The Transfusion Model
The model is trained equally on text and image. Per Meta, Transfusion is more advanced than quantising images and training a language model over discrete image tokens. The model’s performance can be enhanced through “modality-specific” encoding and decoding layers. The model predicts the next word in a sequence. Trained on improving predictions, it reduces the difference between guessing and actual words. It is imperative to note that with 7 billion parameters and 2 trillion multi modal tokens, Transfusion is at par with other larger models that create image and text – and outperforms models like DALL-E 2 and SDXL. It works better than Chameleon as it takes lesser computing power and generates better results.
One limitation is perhaps that diffusion models do not perform at par with traditional language models. A lot of research is yet to be done in this area to improve overall performance.

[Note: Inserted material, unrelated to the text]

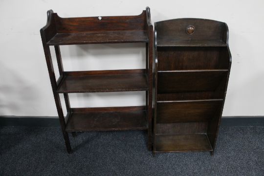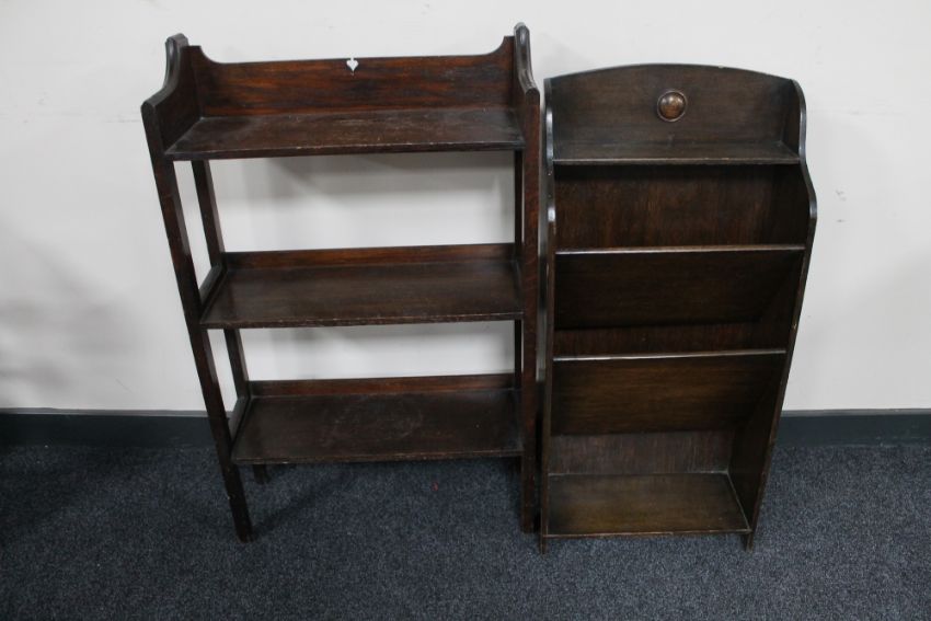 Two sets of oak open bookshelves

Transformer’s Uniqueness & the Future of Innovation in AI Research
What differentiates Transformer from the rest is its unified architecture that runs end to end to generate text and images. Existing models like Flamingo, LLaVA, GILL, and DreamLLM combine separate architectures for different types of data, which are trained separately.
The goal of this Transfusion is to synergise two modalities in a single joint model – with each of them fulfilling their objective. The incentives are that these are versatile, resource efficient, and cost effective for handling different types of data without any additional costs.